Lüningschrör, P., Binotti, B., Dombert, B., Heimann, P., Perez-Lara, A., Slotta, C., et al. (2017). Plekhg5-regulated autophagy of synaptic vesicles reveals a pathogenic mechanism in motoneuron disease. Nature Communications, 8: 678. doi:10.1038/s41467-017-00689-z.


Zitierlink: http://hdl.handle.net/11858/00-001M-0000-002E-1DF9-E
Zusammenfassung
Autophagy-mediated degradation of synaptic components maintains synaptic homeostasis but also constitutes a mechanism of neurodegeneration. It is unclear how autophagy of synaptic vesicles and components of presynaptic active zones is regulated.

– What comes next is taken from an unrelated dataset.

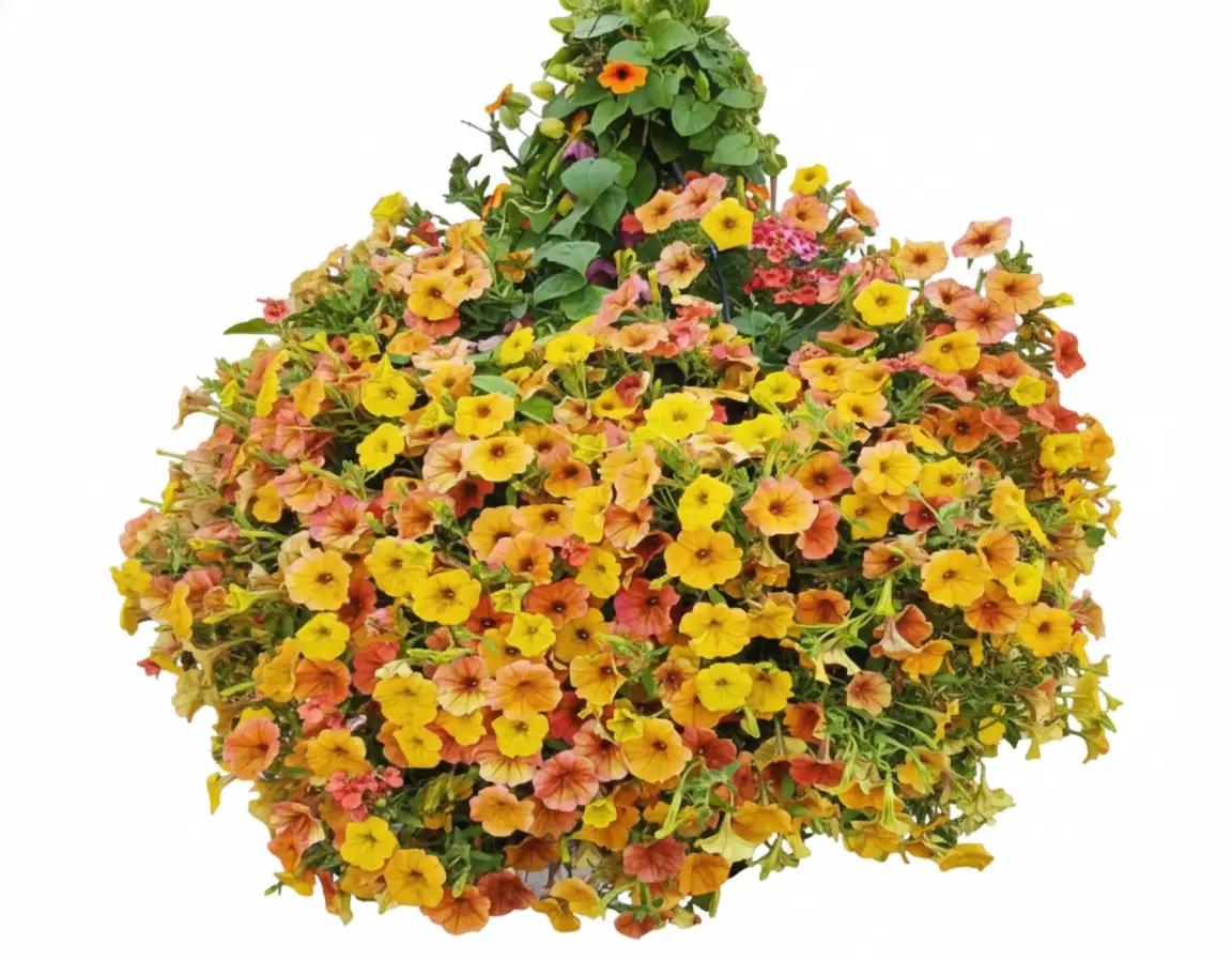 Een zeer bloemrijk mengsel in oranje en gele tinten.

Here, we show that Pleckstrin homology containing family member 5 (Plekhg5) modulates autophagy of synaptic vesicles in axon terminals of motoneurons via its function as a guanine exchange factor for Rab26, a small GTPase that specifically directs synaptic vesicles to preautophagosomal structures. Plekhg5 gene inactivation in mice results in a late-onset motoneuron disease, characterized by degeneration of axon terminals. Plekhg5-depleted cultured motoneurons show defective axon growth and impaired autophagy of synaptic vesicles, which can be rescued by constitutively active Rab26. These findings define a mechanism for regulating autophagy in neurons that specifically targets synaptic vesicles. Disruption of this mechanism may contribute to the pathophysiology of several forms of motoneuron disease.